#### YOUR GOAL
Could you give back exactly the lines below from the one with "西甲2连平!贝蒂斯2-2巴列卡诺剩2轮距欧冠区5分 伊斯科点射破门" through the one with "제 경험상 돼지찌개, 두부찌개, 갈치찌개, 동태찌개", without a single picture?

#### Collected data

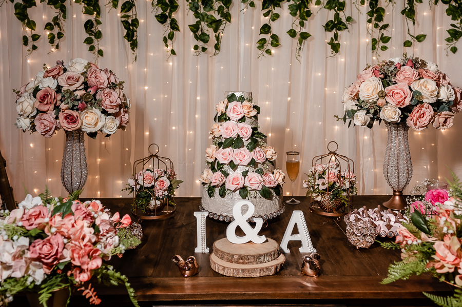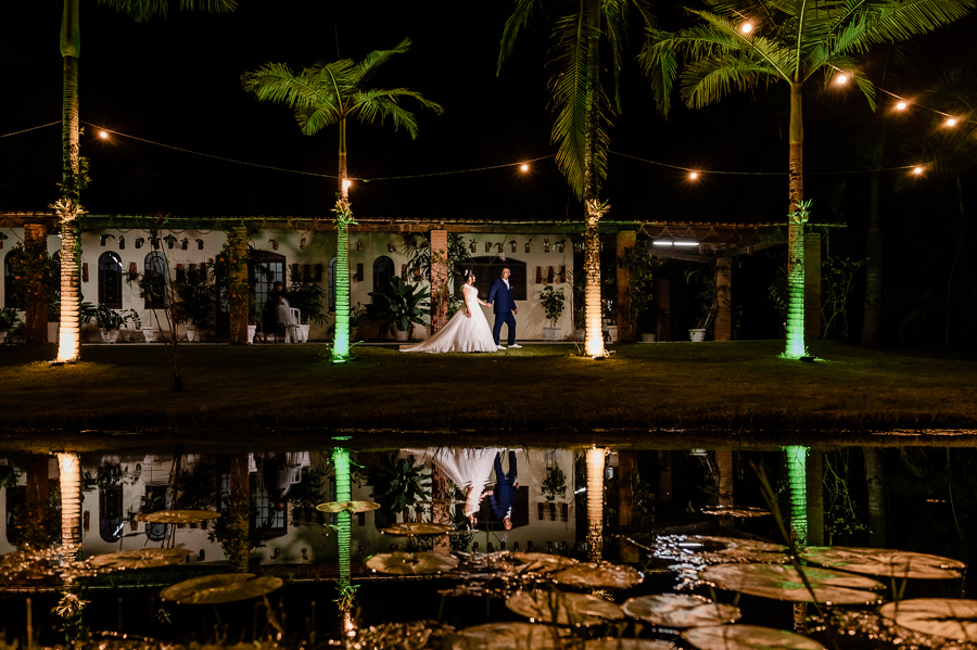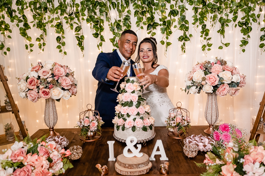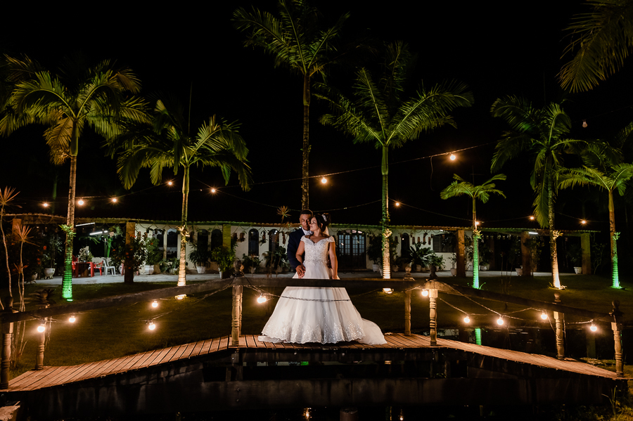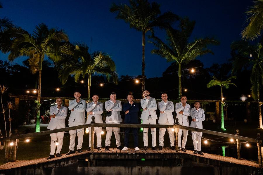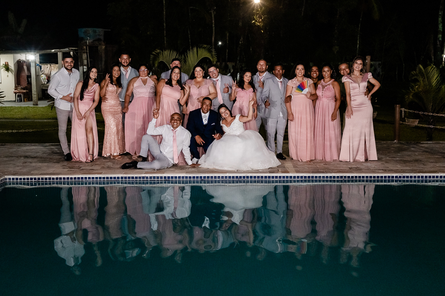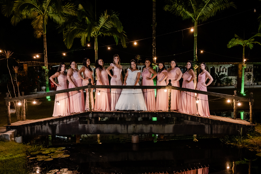 As primeiras fotos no local foram as das madrinhas e padrinhos junto com os noivos, estava uma noite muito quente e todos estavam loucos para trocar de roupa. Fizemos também as fotos na mesa do bolo e depois, um pequeno ensaio pós cerimônia com a Andressa e o Ivaldo.
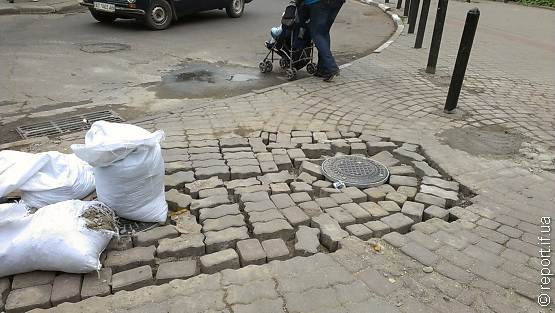 У Івано-Франківську на вулиці Незалежності вже третій день встановлюють автоматичний протитаранний стовпчик.
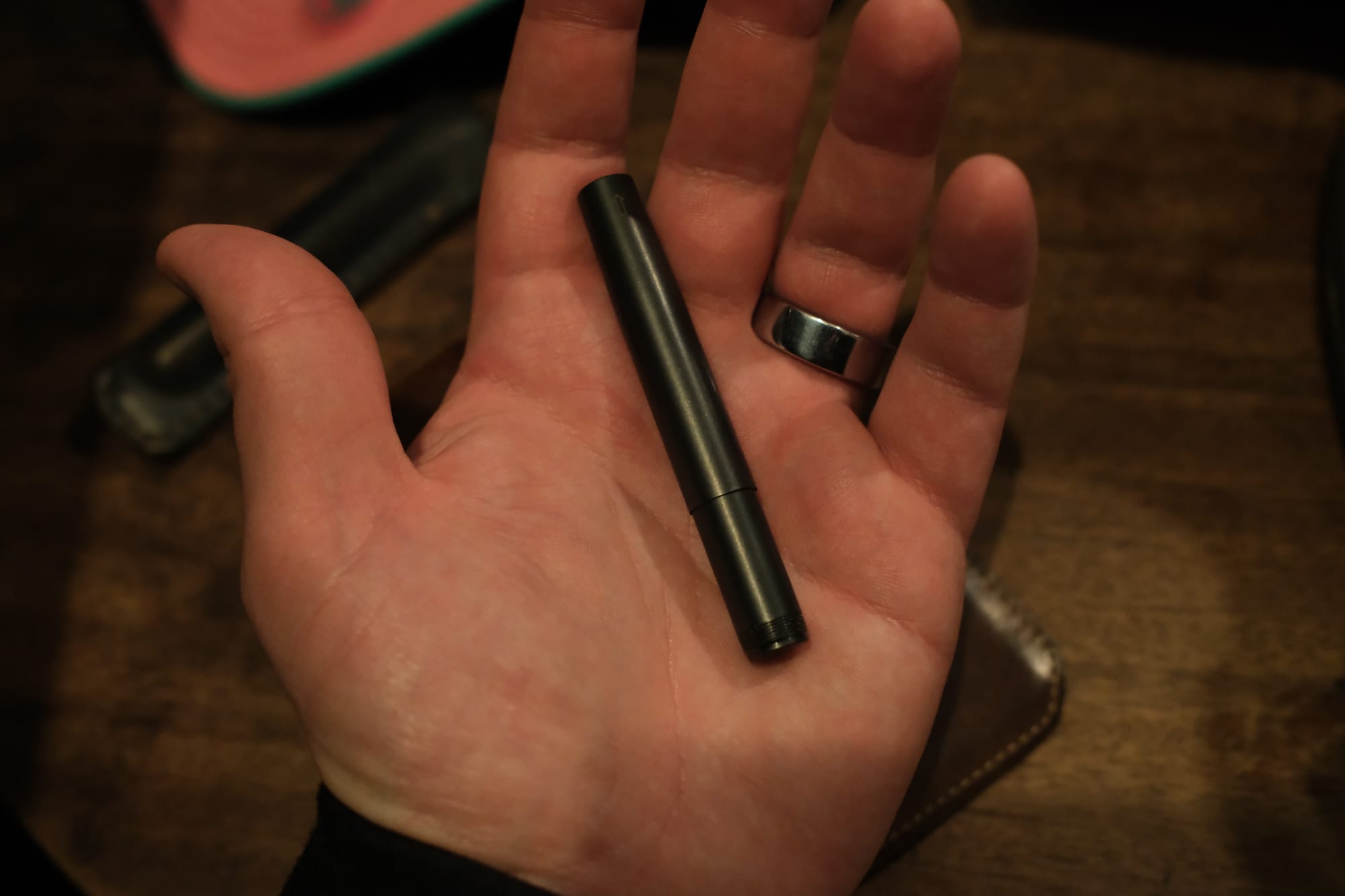 First, it’s fucking tiny. It really is mindblowingly small: it makes a Kaweco Sport look like a giant. And not only is it small, it is really unobtrusive. It has flat ends, no clip, no giant steps or protrusions or facets or buttons. Just a little bit of subtle laser engraving. It is designed purposefully to be small, and it achieves in spades.
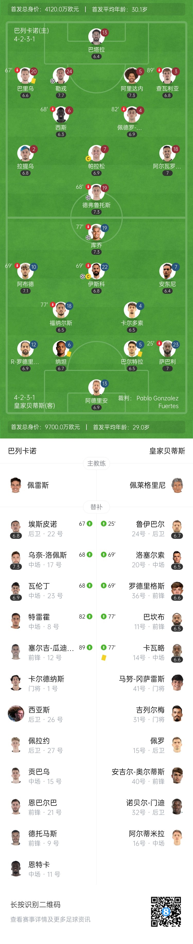 西甲2连平!贝蒂斯2-2巴列卡诺剩2轮距欧冠区5分 伊斯科点射破门
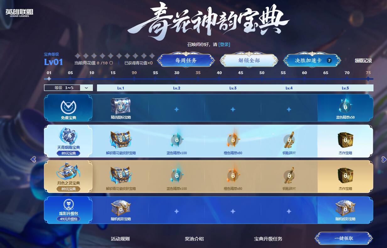 解锁书本并完成任务以提高书本的等级。共获得随机神话皮肤宝箱1个(打开后将显示优先奖池中随机出现的皮肤已发布1年以上的3个。奖池中没有Hex/Premier系列皮肤。玩家可以任选一款领取,如果领取时已经拥有奖池中的所有皮肤,则将获得125神话精华)、全新青花瓷史诗皮肤1个、传奇皮肤宝箱1个(无皮肤)优先奖池中解锁)、随机皮肤宝箱1个(优先奖池中未解锁皮肤)、盲盒11个、神话精华25个、杰作宝箱5个、海克斯科技神秘表情5个、1900蓝色精华、1550橙色精华和15 个海克斯科技钥匙碎片。
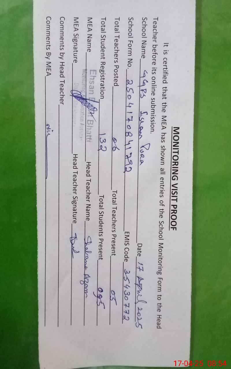 | EMIS Code: 35430772 | Name of School: GGPS ISLAM PURA | |||
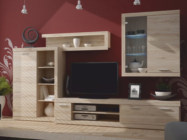 Obývací stěna spojující přírodní rysy s příjemným moderním designem. Jednotlivé prvky obývací stěny mají výraznější rysy, důraz se však klade i na neobyčejný design a praktičnost. Obývací stěna se skládá z TV stolku, skříňky, police a vitríny na stěnu, která má podsvícené poličky. Obývací stěna je v barevném provedení san remo.
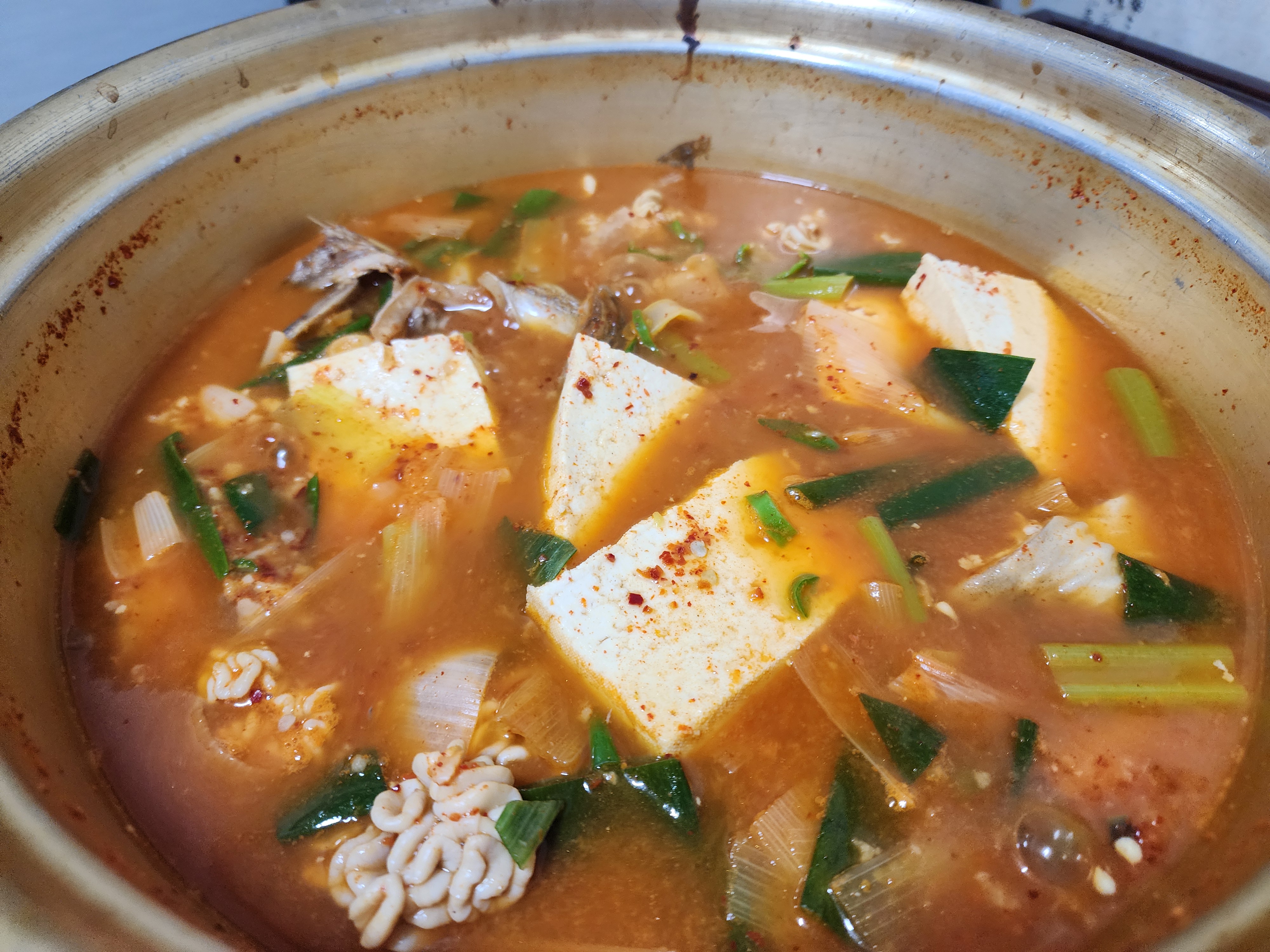 제 경험상 돼지찌개, 두부찌개, 갈치찌개, 동태찌개 등 사장님은 드셔도 됩니다라고 하지만 저는 약 3~5분 정도 더 끓이는 편입니다. 들어간 식재료와 고추가루가 더 우러나게 하기 위해서는 좀더 팔팔 끓여야 한다는게 저의 지론입니다.
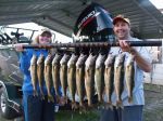My wife and I went out with my brother Kenneth yesterday evening. We left the Gladstone Harbor a little after 4:30 and was back here at the resort by 9:00. We had a great time even though Kenneth kicked our butts! I think he had 3 keepers before either Theresa or I landed our 1st fish. He went on to catch his limit in a pretty short time. Theresa and I just plodded along catching one here and there as we watched Kenneth release fish after fish! She was having a hard time keeping the crawler on her jig. I started out trying all different forms of Berkley Gulp, but eventually had to switch to the real thing. There have been times I have done really good on Gulp, but yesterday, real nightcrawlers definitely made a difference. Chartreuse seemed to be the best color on the jigs. We saw water temperatures from 58-61 degrees and had the best action in the 61 degree water. All in all, a great evening on Little Bay de Noc. See you on the water…
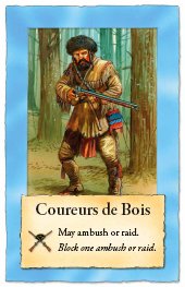 How do the different sides approach ambushing? Well, this is one area of the game where the French have a huge advantage. They have a blue Native American card which means that it can't be hit by the Indian Leader and that they have access to one more ambusher total. The French have access to 2 Priests compared to the 1 Indian Leader the British have. The French Militia cards actually block ambushes and raids while the British Militia are vulnerable to ambush. Beyond that they each have access to the 5 neutral Native Americans and they each have an ambusher that is free. (Rangers and Coureurs de Bois.)
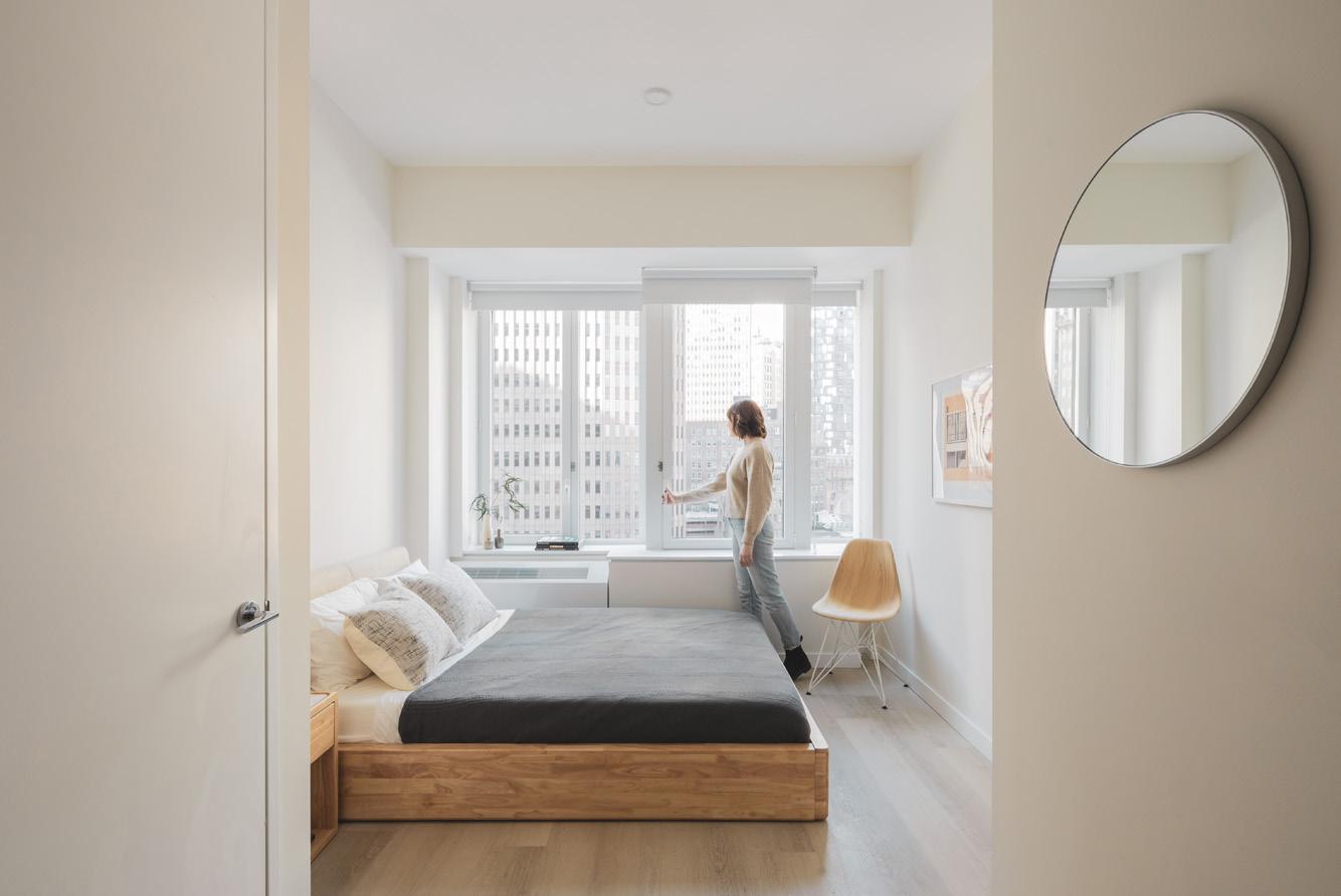 Each of the upper residential floors includes 17 private bedrooms, arranged along four short corridors around a shared core: kitchen, dining, lounge, laundry, and support offices. This promotes a balance of connection and independence.
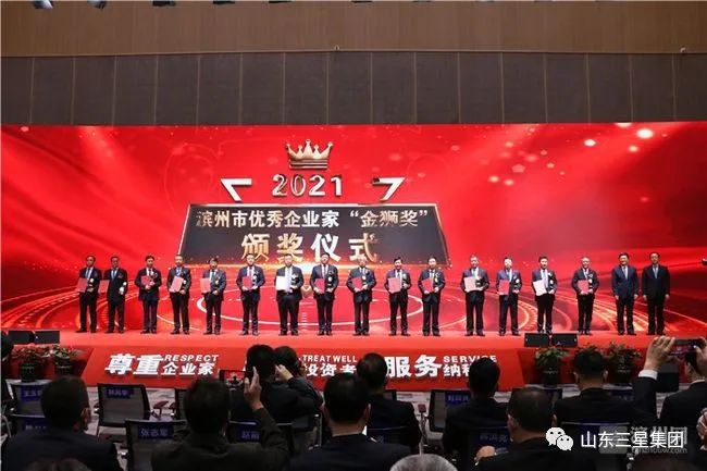 會議同時宣讀了《中共濱州市委、濱州市人民政府關于授予2021濱州市優(yōu)秀企業(yè)家“金獅獎”“銀獅獎”“銅獅獎”和富強濱州建設“金星獎”及公布濱州市“智能化綠色化技改十大優(yōu)秀案例”名單的決定》,隆重表彰優(yōu)秀企業(yè)家和獲獎單位,山東三星集團總經理王明星榮獲2021濱州市優(yōu)秀企業(yè)家“金獅獎”。
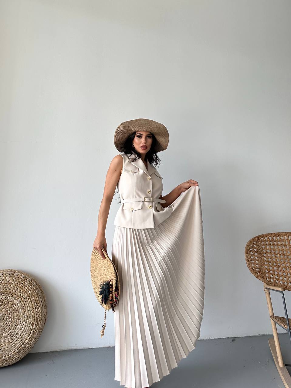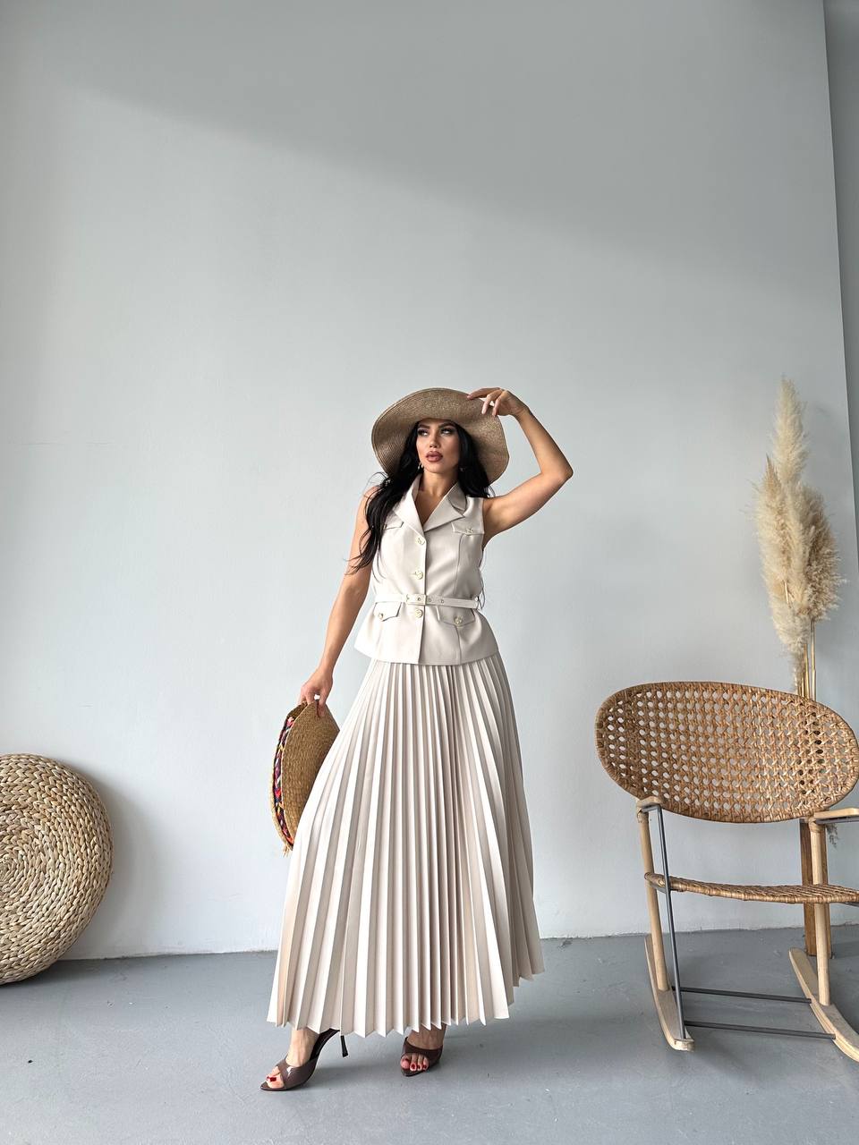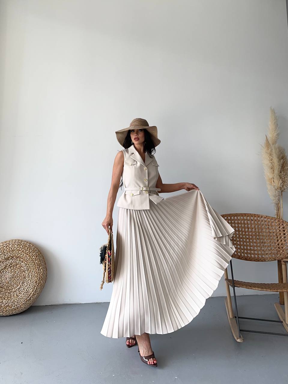 Modern çizgisi ve feminen detaylarıyla dikkat çeken kadın kolsuz pliseli takım, zarif görünümünüze dinamizm katıyor. Hem gündelik şıklık hem de özel davetler için mükemmel bir seçim.

#### REPLY TO THE EXERCISE
 西甲2连平!贝蒂斯2-2巴列卡诺剩2轮距欧冠区5分 伊斯科点射破门
 解锁书本并完成任务以提高书本的等级。共获得随机神话皮肤宝箱1个(打开后将显示优先奖池中随机出现的皮肤已发布1年以上的3个。奖池中没有Hex/Premier系列皮肤。玩家可以任选一款领取,如果领取时已经拥有奖池中的所有皮肤,则将获得125神话精华)、全新青花瓷史诗皮肤1个、传奇皮肤宝箱1个(无皮肤)优先奖池中解锁)、随机皮肤宝箱1个(优先奖池中未解锁皮肤)、盲盒11个、神话精华25个、杰作宝箱5个、海克斯科技神秘表情5个、1900蓝色精华、1550橙色精华和15 个海克斯科技钥匙碎片。
 | EMIS Code: 35430772 | Name of School: GGPS ISLAM PURA | |||
 Obývací stěna spojující přírodní rysy s příjemným moderním designem. Jednotlivé prvky obývací stěny mají výraznější rysy, důraz se však klade i na neobyčejný design a praktičnost. Obývací stěna se skládá z TV stolku, skříňky, police a vitríny na stěnu, která má podsvícené poličky. Obývací stěna je v barevném provedení san remo.
 제 경험상 돼지찌개, 두부찌개, 갈치찌개, 동태찌개 등 사장님은 드셔도 됩니다라고 하지만 저는 약 3~5분 정도 더 끓이는 편입니다. 들어간 식재료와 고추가루가 더 우러나게 하기 위해서는 좀더 팔팔 끓여야 한다는게 저의 지론입니다.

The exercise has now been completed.